Southwest Airlines:

Risking a Nebraska-Style Fall

September 1, 2023

Southwest Airlines built its legacy on simplicity

Open seating, no-frills flights, and a quirky vibe that loyalists adored. Now, whispers of assigned seating and premium tiers threaten to unravel that edge. This isn’t innovation—it’s a slide toward mediocrity, and Nebraska’s college football story shows why it’s a bad move.

The Nebraska Analogy

In the 1980s, option football—a run-heavy, unique offense—was widespread. By the 1990s, most colleges shifted to the spread offense, but Nebraska stuck to its guns. The result? A dominant run, with three national championship appearances from 1994 to 1997. Their system worked, and it was tailor-made for top talent—runners and blockers flocked to Nebraska, giving them a recruiting edge no one could touch. Then, in the late 1990s, they fired coach Tom Osborne and hired a replacement who ditched the option for the spread. Overnight, Nebraska’s uniqueness vanished. Their recruiting engine stalled—why pick Nebraska when every school ran the same playbook? Since then, they’ve been mediocre, a shadow of their former glory.

Southwest’s flirting with assigned seats and premium tiers mirrors this. They’re abandoning a winning formula to copy rivals, risking their identity and fanbase.

Why This Pivot Could Fall

User-Centric Design: Open seating is fast and fun—a Southwest hallmark. Assigned seats add hassle without clear value for most flyers.

Market Fit: Southwest’s magic is affordability and simplicity. Premium tiers chase revenue but dilute the brand that made them special.

Behavioral Science: Loyalists love the Southwest vibe—egalitarian, no-fuss. Tiers could confuse and alienate them, much like Nebraska fans felt when the option died.

Economic Viability: Switching to complex systems costs big upfront; short-term gains might not offset long-term loyalty losses.
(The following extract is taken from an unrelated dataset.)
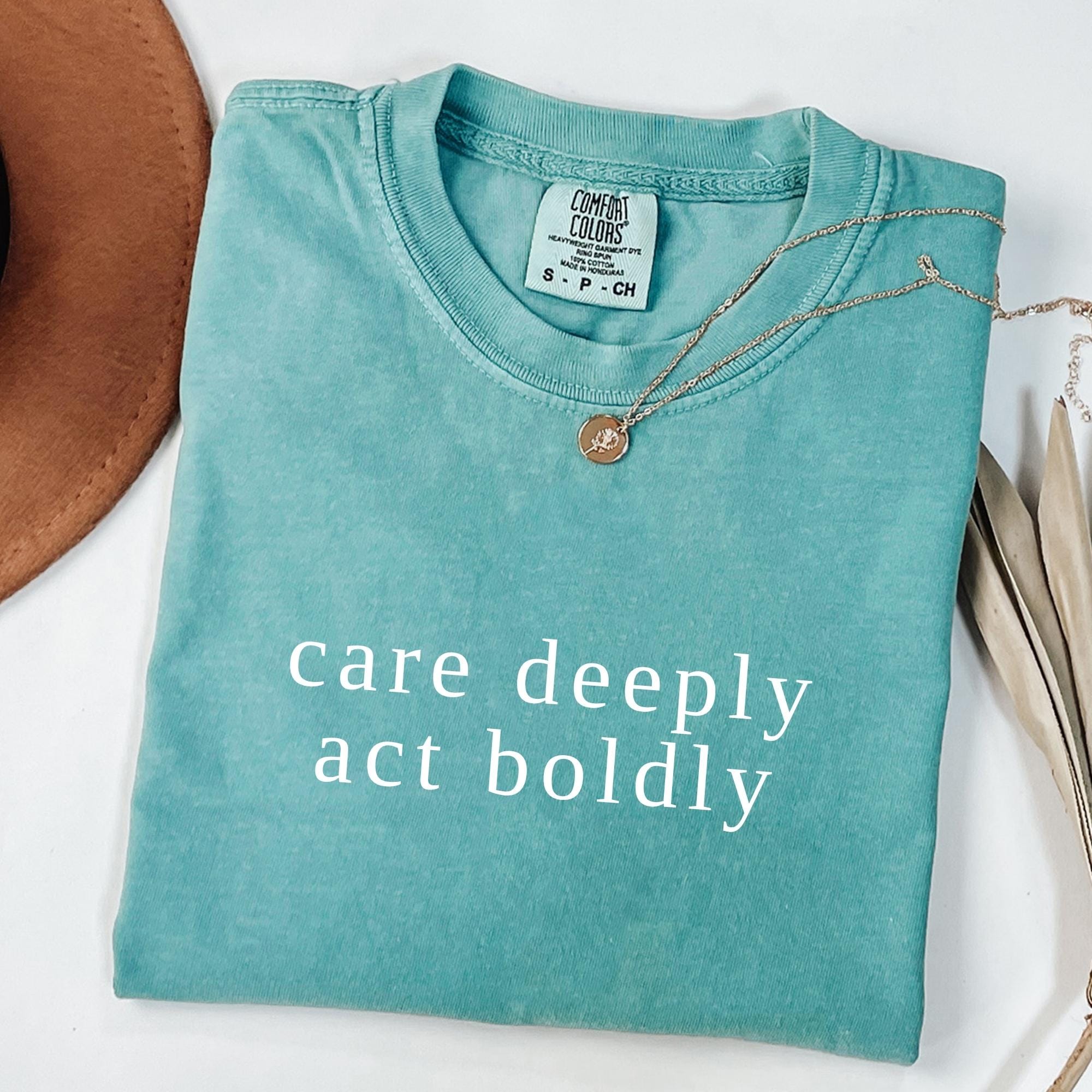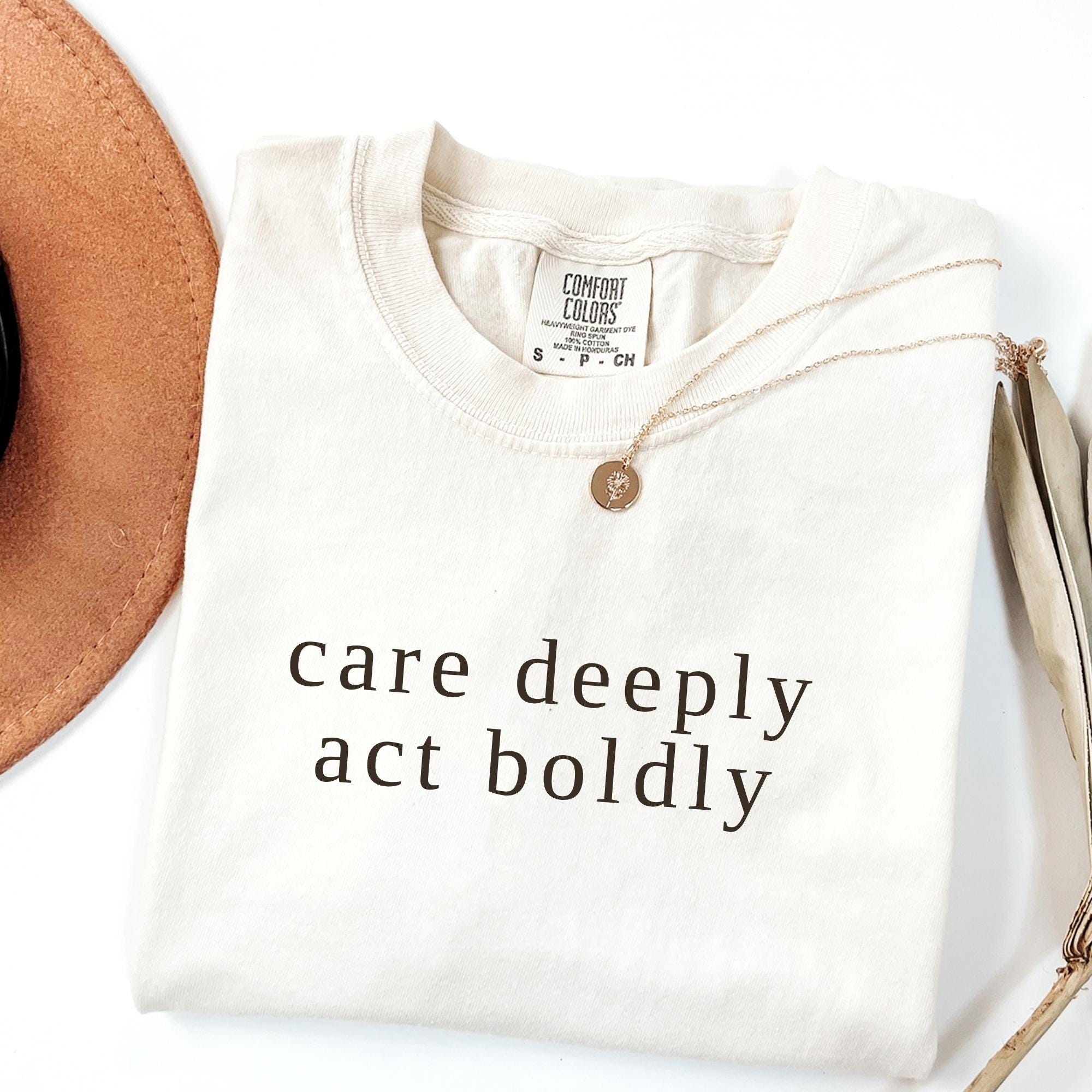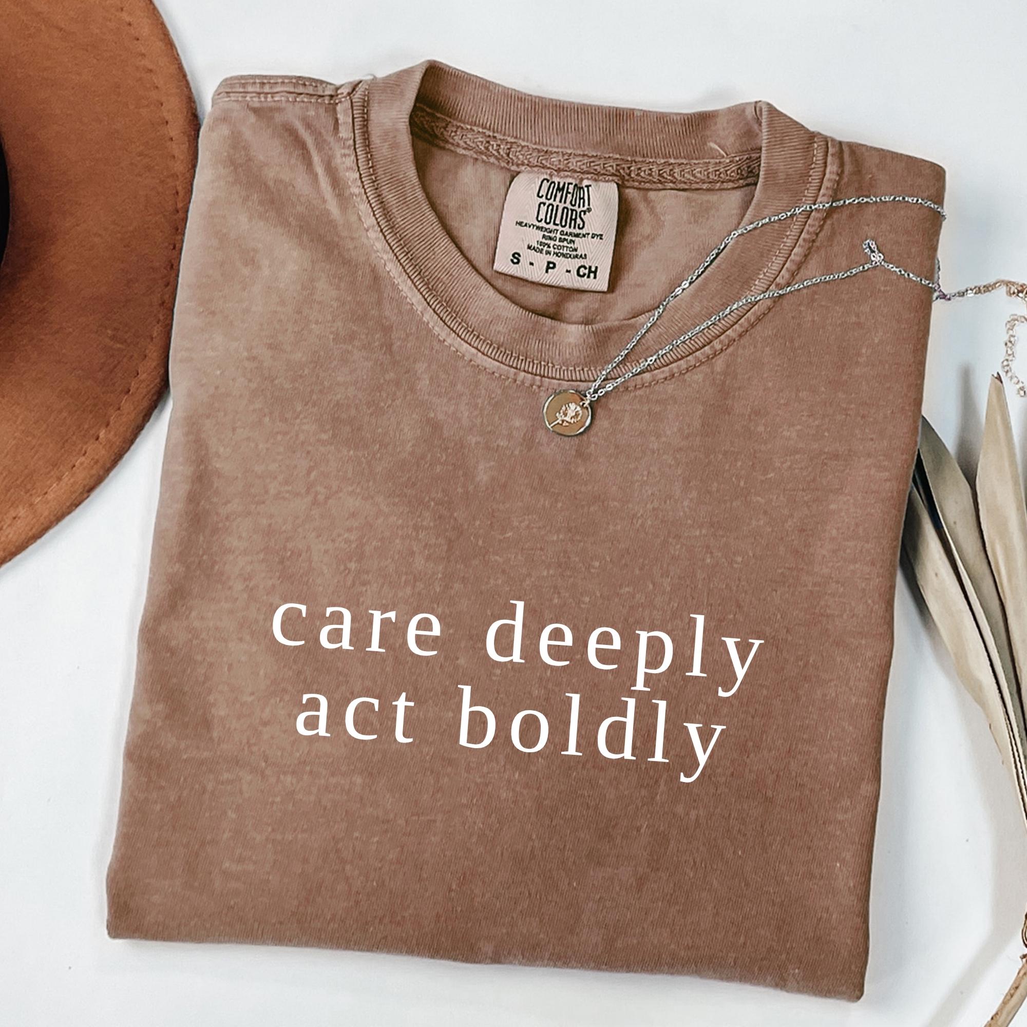Comfort Colors Care Deeply Act Boldly T-Shirt โ Motivational Activist Tee โ Courage and Compassion Shirt โ Social Awareness Graphic Tee

Innovation Driver: This feels like a cash grab, not a bold evolution. Nebraska’s spread shift was a me-too move—Southwest’s could be too.

Prediction

This pivot risks turning Southwest into just another airline. Like Nebraska, they’ll lose what set them apart—uniqueness and pride—and struggle to recruit their core “talent” (loyal customers). Mediocrity looms if they blend in.

Conclusion

Southwest’s strength is its distinct playbook. Innovation builds on what works—it doesn’t copy the crowd. Nebraska’s fall is a warning: ditch your edge, and you’re left chasing ghosts of past success.